Anyhow, they had these poor guys use a stopwatch to record the time needed to obtain an erection hard enough for sexual intercourse after taking the study drug at least two hours after eating. Imagine that. You’ve got watch in hand, and the investigator says, “On your mark, get set, go!” That’s more pressure than sinking the last free throw to win the last game of an NBA Championship.

So what did they find?

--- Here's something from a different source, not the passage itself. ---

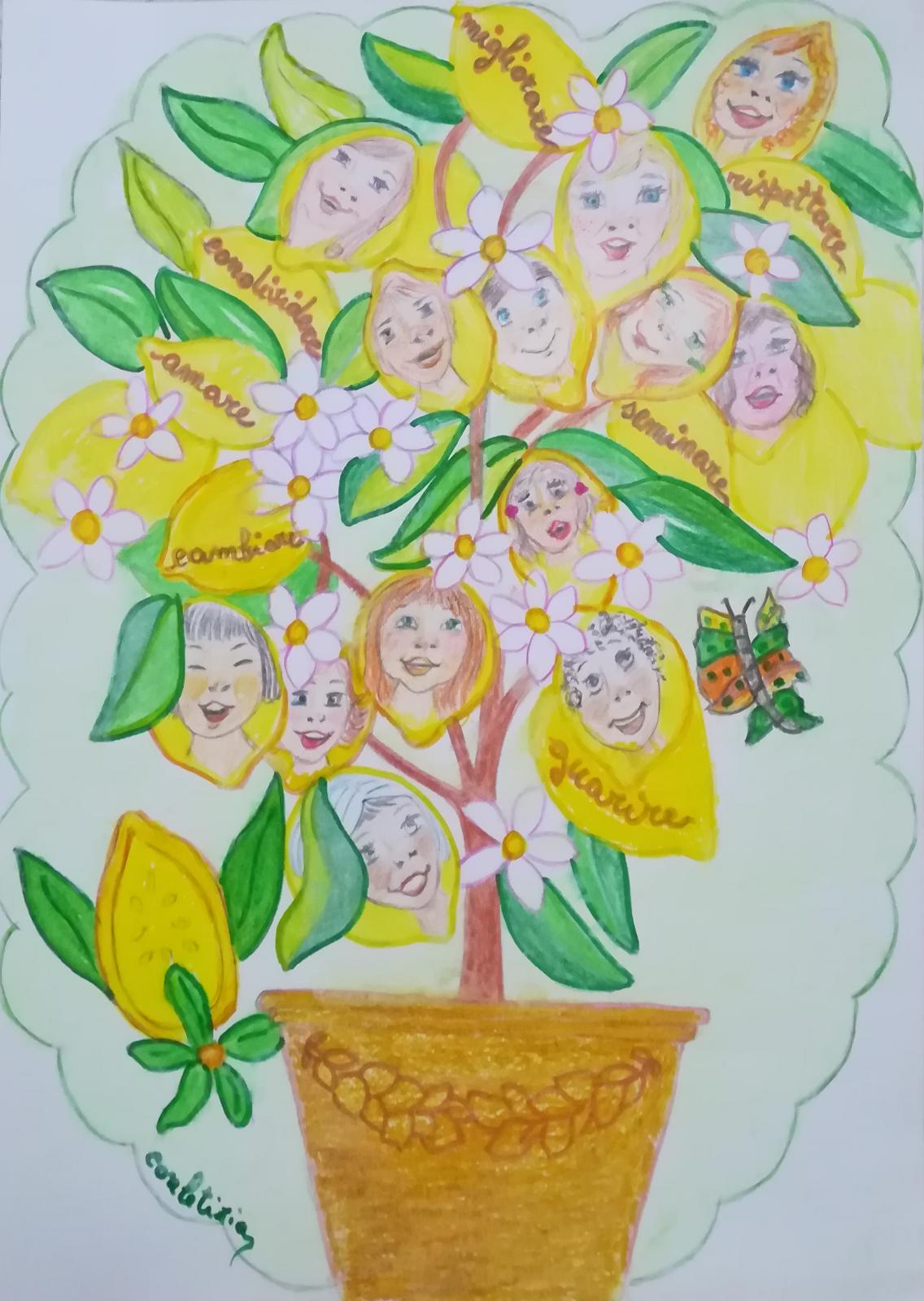 Quest’alberello di limoni è fresco, vivace e allegro. Rappresenta la nostra vita, che deve essere piena di amore e di azioni: seminare, condividere, guarire… il resto leggilo tu fra le foglie.

Within 14 and 20 minutes of Viagra dosing, 35 percent and 51 percent of Viagra-treated patients, respectively, versus 22 percent and 30 percent of placebo-treated patients, respectively, had an erection that led to successful intercourse. The median time (the median value means that 50 percent of those took longer and 50 percent took less time) to erection leading to successful intercourse after sildenafil dosing was 36 minutes, compared with 141 minutes for placebo.

So, the poor placebo guys are waiting more than two hours before their plumbing starts, well, pumping. By then, you could have watched an episode each of “Alias” and “The Apprentice.” Perhaps, if Amy (on “The Apprentice”) had shown more skin, she’d be in the top two. Nonetheless, this study does point out that sildenafil does not work all the time and that a placebo can sometimes work. It shows you that sex really is all in your head (well, some of it is, anyway).